Friday Ephemera
There Are Witches In The Library

Elsewhere (250)

Heather Mac Donald on “diversity” voodoo’s encroachment on science and technology: 

Columbia’s vice provost for faculty diversity and inclusion regurgitates another classic of diversity boilerplate to justify this enormous waste of funds. “The reality is that you can’t really achieve excellence without diversity. It requires diverse thought to solve complex problems,” says vice provost Dennis Mitchell. Mitchell’s statement is ludicrous on multiple fronts. Aside from the fact that the one thing never sought in the academic diversity hustle is “diverse thought,” do Mitchell and his compatriots in the diversity industry believe that females and underrepresented minorities solve analytical problems differently from males, whites, and Asians? 

Somewhat related, this. It’s remarkable just how readily all of this “diversity” and wokeness boils down to a mental image of a teacher turning to one of his students and saying, “You, the brown boy. What’s the negro perspective on this engineering problem?”
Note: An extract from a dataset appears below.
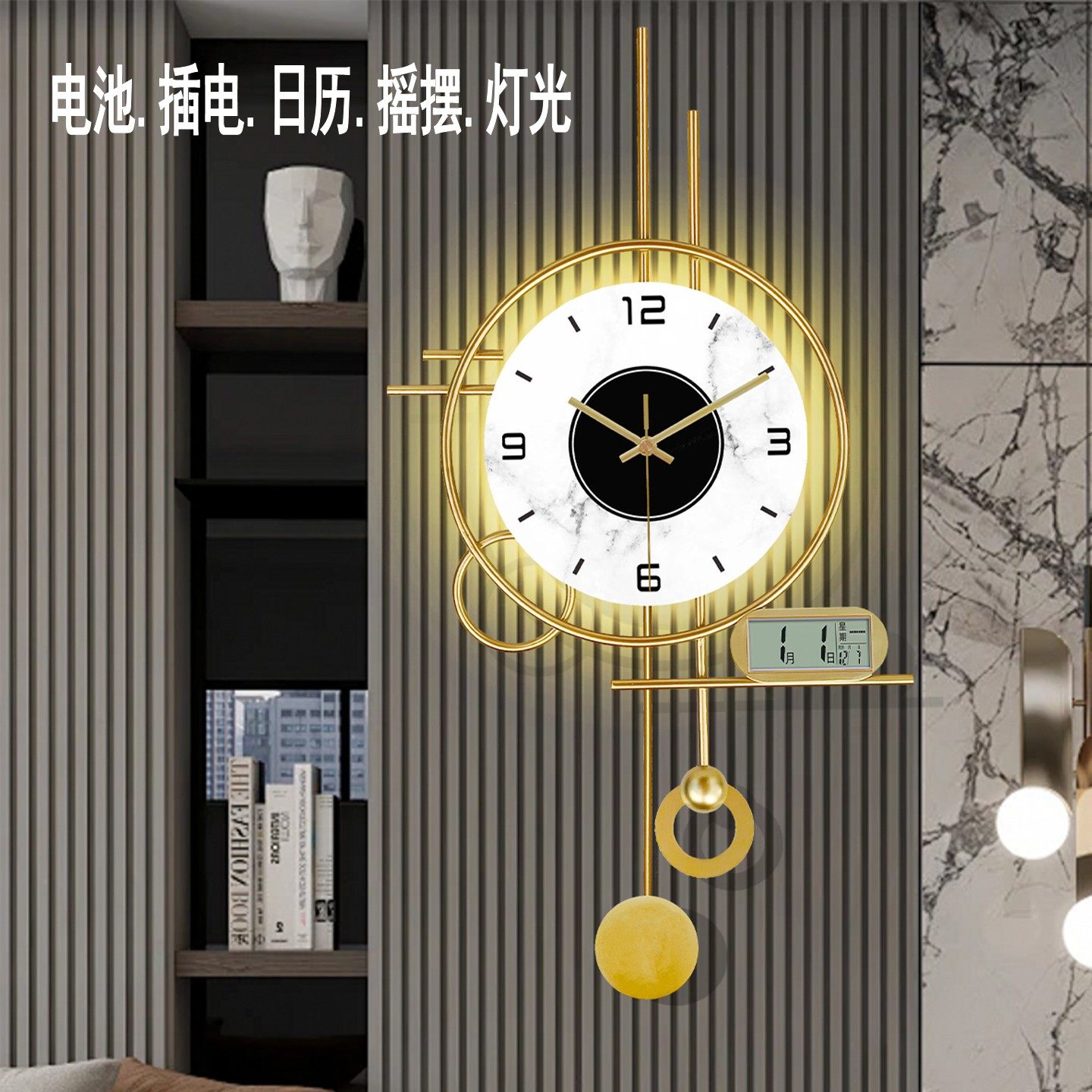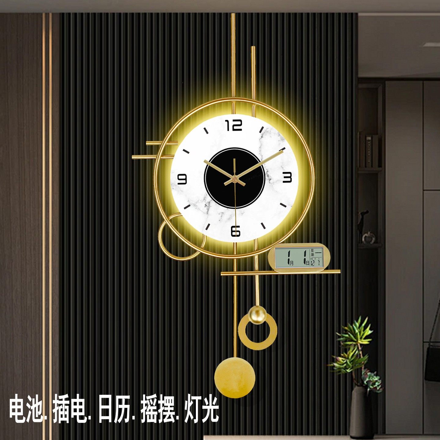 📚 2025新款摇摆客厅万年历木栅格挂钟表轻奢创意背景墙灯光时钟静音

See also this, added via the comments. 

Arthur Sakamoto on what happens when you challenge the racial assumptions entrenched in sociology departments: 

People are afraid to critique this paradigm [of “white privilege” and systemic racism] because it’s so ideologically popular. Privately, some people have told me that [by challenging it,] I’m, quote, “suicidal.” […] I’ll be frank with you — I’ve been submitting to the American Sociological Review on Asian Americans for the past 25 years and apparently there’s no data good enough to convince the reviewers that Asian Americans have reached parity with respect to white people. Every single one gets rejected. What happens is, when the paper doesn’t conform to the conventional wisdom [of “white privilege”], the methodological standards are raised. But if you argue that there is discrimination, then the methodological standards are relaxed

Mark McGreal and Richard Sander on what happens when you question the effectiveness of “affirmative action”: 

“Michael Schill (the former dean of the UCLA Law School) told me privately that he thought it was a breakthrough study,” Sander said. But after it was published, Sander said that Schill sent an email to the student body suggesting “there are those of us who seriously question the credibility of this research.” Sander cited additional examples in which editors of peer-reviewed journals, including one at the University of Pennsylvania, told him privately they would publish his study, then later had to back out due to their financial backers’ dislike of the content of the study’s findings.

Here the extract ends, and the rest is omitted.